• _REQUIRED WORK_: Begin the copy at the line containing "Round Curly Wool Sheepskin Seat Pad Ivory" in the data below and end it at the line containing "Każdy element ma", keeping each line exact and leaving out pictures.

• _INFORMATION GIVEN_:
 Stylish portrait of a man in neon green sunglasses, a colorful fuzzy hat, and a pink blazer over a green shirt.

...

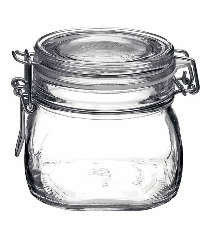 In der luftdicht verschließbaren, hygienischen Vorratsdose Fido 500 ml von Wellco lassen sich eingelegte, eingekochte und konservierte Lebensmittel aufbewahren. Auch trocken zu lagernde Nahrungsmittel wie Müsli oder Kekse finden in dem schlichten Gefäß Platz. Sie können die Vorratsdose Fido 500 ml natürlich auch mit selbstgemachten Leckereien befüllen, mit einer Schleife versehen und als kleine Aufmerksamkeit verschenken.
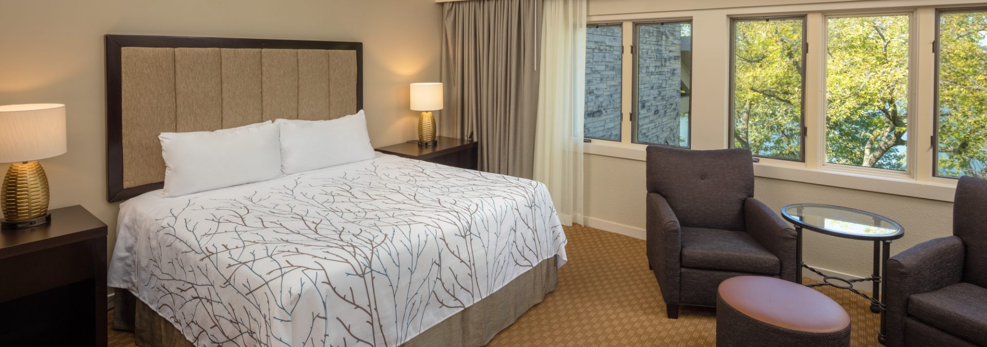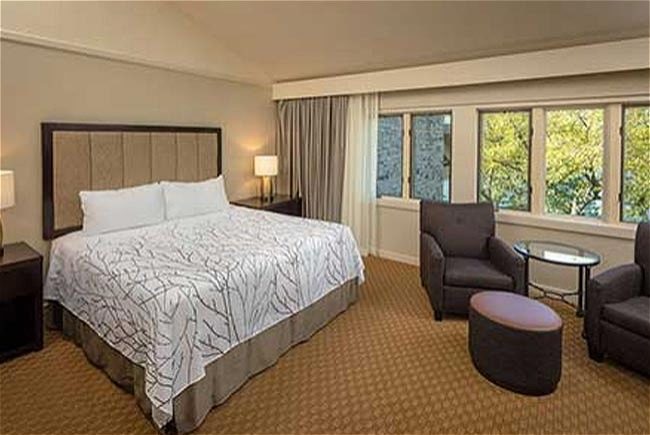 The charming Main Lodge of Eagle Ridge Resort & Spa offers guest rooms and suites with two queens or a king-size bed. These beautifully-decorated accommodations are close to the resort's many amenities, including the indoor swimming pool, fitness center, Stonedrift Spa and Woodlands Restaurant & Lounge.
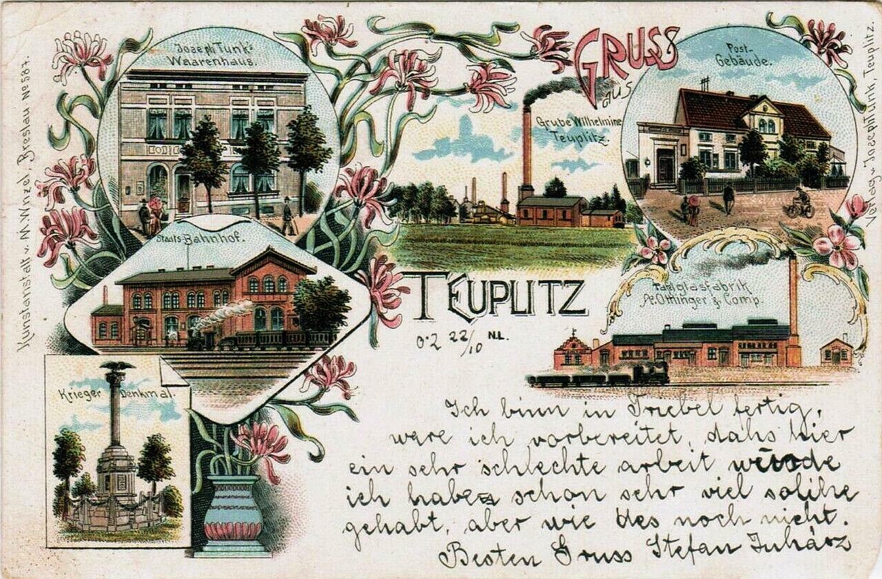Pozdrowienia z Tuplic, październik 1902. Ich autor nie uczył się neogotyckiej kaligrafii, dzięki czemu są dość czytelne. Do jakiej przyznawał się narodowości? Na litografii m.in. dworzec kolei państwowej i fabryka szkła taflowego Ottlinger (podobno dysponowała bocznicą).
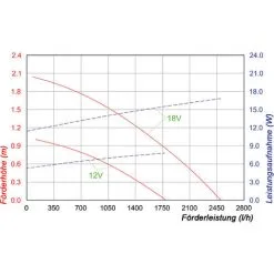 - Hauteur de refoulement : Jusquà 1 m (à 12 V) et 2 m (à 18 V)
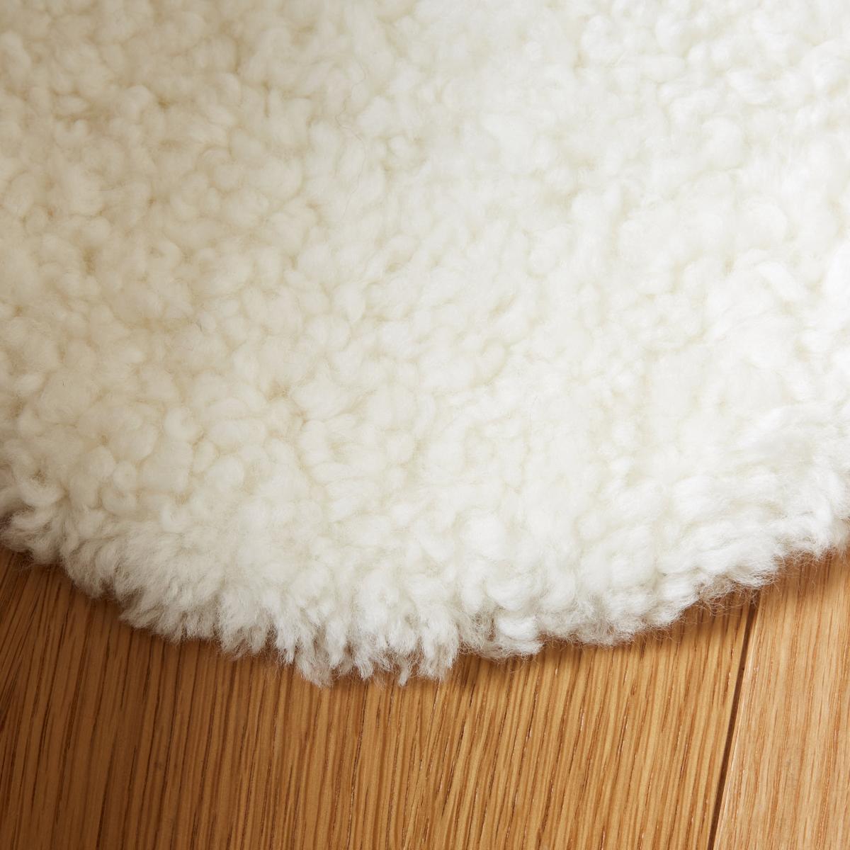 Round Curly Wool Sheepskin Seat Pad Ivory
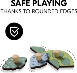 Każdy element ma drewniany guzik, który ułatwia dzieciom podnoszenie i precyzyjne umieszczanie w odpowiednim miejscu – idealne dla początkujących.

• _WRITTEN REPLY_:
 Round Curly Wool Sheepskin Seat Pad Ivory
 Każdy element ma drewniany guzik, który ułatwia dzieciom podnoszenie i precyzyjne umieszczanie w odpowiednim miejscu – idealne dla początkujących.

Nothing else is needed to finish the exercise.